For the last one year, ASHA workers in blocks Katehri and Bhiti blocks in Ambedkar Nagar district have been working without any pay from the district administration. The workers, who have been at the core of healthcare delivery in the region, complained that they have not received payment inspite of being involved with numerous services during the period.
ASHA workers Suman Sharma, Poonam Verma and Indravati who work in the blocks were distraught as they spoke of erratic pay for the wide range of work they do. ‘It has been a year and ASHA workers here have not been paid for delivery, formatting and booster services. They expect all sorts of services from us, but when it comes to payment, we get nothing,’ the women said.
Involved with multiple tasks at the block, district and state level, ASHA workers are enrolled on performance-based incentives and a monthly honorarium.

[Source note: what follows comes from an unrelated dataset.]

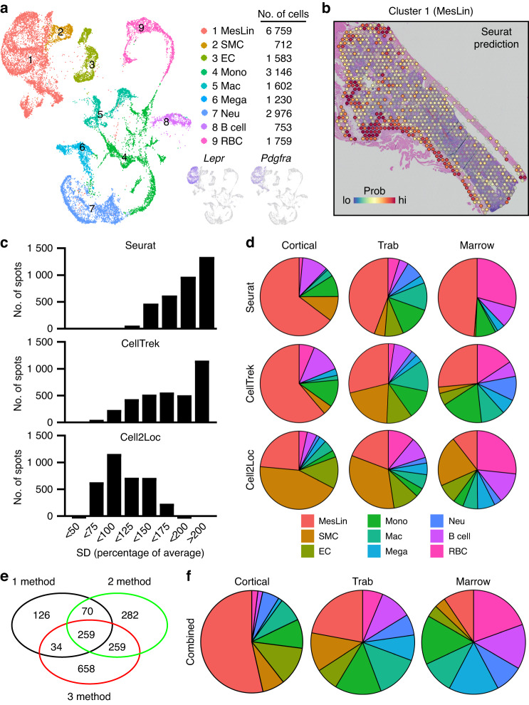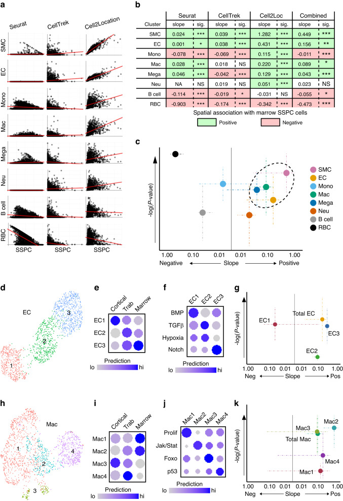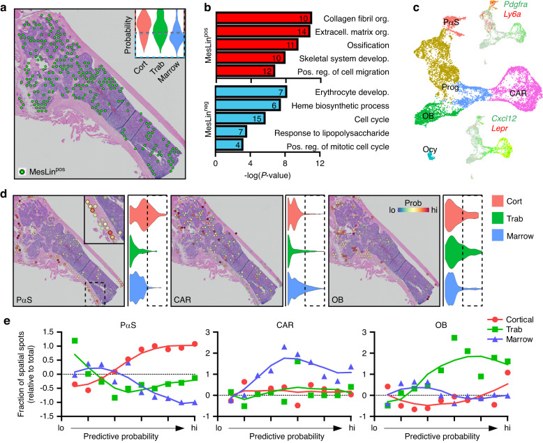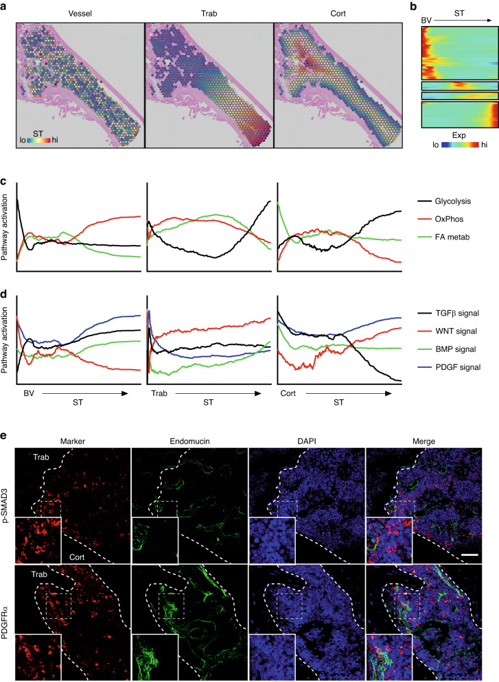 Self-renewal and differentiation of skeletal stem and progenitor cells (SSPCs) are tightly regulated processes, with SSPC dysregulation leading to progressive bone disease. While the application of single-cell RNA sequencing (scRNAseq) to the bone field has led to major advancements in our understanding of SSPC heterogeneity, stem cells are tightly regulated by their neighboring cells which comprise the bone marrow niche. However, unbiased interrogation of these cells at the transcriptional level within their native niche environment has been challenging. Here, we combined spatial transcriptomics and scRNAseq using a predictive modeling pipeline derived from multiple deconvolution packages in adult mouse femurs to provide an endogenous, in vivo context of SSPCs within the niche. This combined approach localized SSPC subtypes to specific regions of the bone and identified cellular components and signaling networks utilized within the niche. Furthermore, the use of spatial transcriptomics allowed us to identify spatially restricted activation of metabolic and major morphogenetic signaling gradients derived from the vasculature and bone surfaces that establish microdomains within the marrow cavity. Overall, we demonstrate, for the first time, the feasibility of applying spatial transcriptomics to fully mineralized tissue and present a combined spatial and single-cell transcriptomic approach to define the cellular components of the stem cell niche, identify cell‒cell communication, and ultimately gain a comprehensive understanding of local and global SSPC regulatory networks within calcified tissue.

The women who are engaged in immunization drives, maternal and child care services, and other healthcare programmes complained that lack of remuneration had severely affected them.
‘Our children are starving … How will we survive? We are always at work – be it delivery, operation, or immunization, but we are not getting any payment. We demand the government to pay our withheld salaries immediately,’ the workers said.
For these frontline workers considered to be the pulse of rural healthcare system, this is not the first instance where their plight has come to light. Over the last one year, ASHA workers in states like Karnataka, Meghalaya, Jammu and Kashmir have gone on strike to protest against erratic payments and insensitivity. Bihar is the latest to join the row as one lakh health workers, including hundreds of ASHAs, went on an indefinite strike earlier in June.
The Accredited Social Health Activists (ASHA) were enrolled on a contractual basis under the National Rural Health Mission in 2005 to improve delivery of basic health services. Selected from the village itself, the ASHA is trained to work as an interface between the community and the public health system. These workers have been the ground force for executing services as complex as conducting health awareness programmes on nutrition and sanitation, providing first-contact healthcare, maternal and child health, community mobilization and counseling.
As the NRHM was redesigned into National Health Mission after inclusion of an urban health mission, it was extended to 2017. However, the last decade has not seen any change in the status of ASHAs who continue to function as ‘activists’ being a significant part of government’s healthcare workforce.
A five-member delegation had also met the union health minister J.P Nadda in March to voice their concerns about honorariums remaining withheld for months and meager incentives. The delegation submitted a memorandum of demands to the health minister after hundreds of ASHA workers from all over the country had gathered for a protest at Jantar Mantar in Delhi. The memorandum included regularization of ASHA workers as government health workers, hike in allowances, and social security benefits, among other demands.
An added concern has been the 20% decrease in health budget that is likely to affect the incentives and pay of healthcare workers nationwide. According to the National Health Systems Resource Centre, a technical support institution with the National Health Mission, the total number of ASHAs working all across the country was estimated to be over 8 lakh in 2013.
Even as there has been no decision by the central government on the demands, the agitations are set to intensify through strikes and protests over next few months. It also needs to be mentioned that the government’s stance towards the health workers would have a direct impact on crucial schemes such as Mission Indradhanush for immunization, digital training of ASHAs and ANMs, and state-wise drives to reduce maternal and infant mortality rate.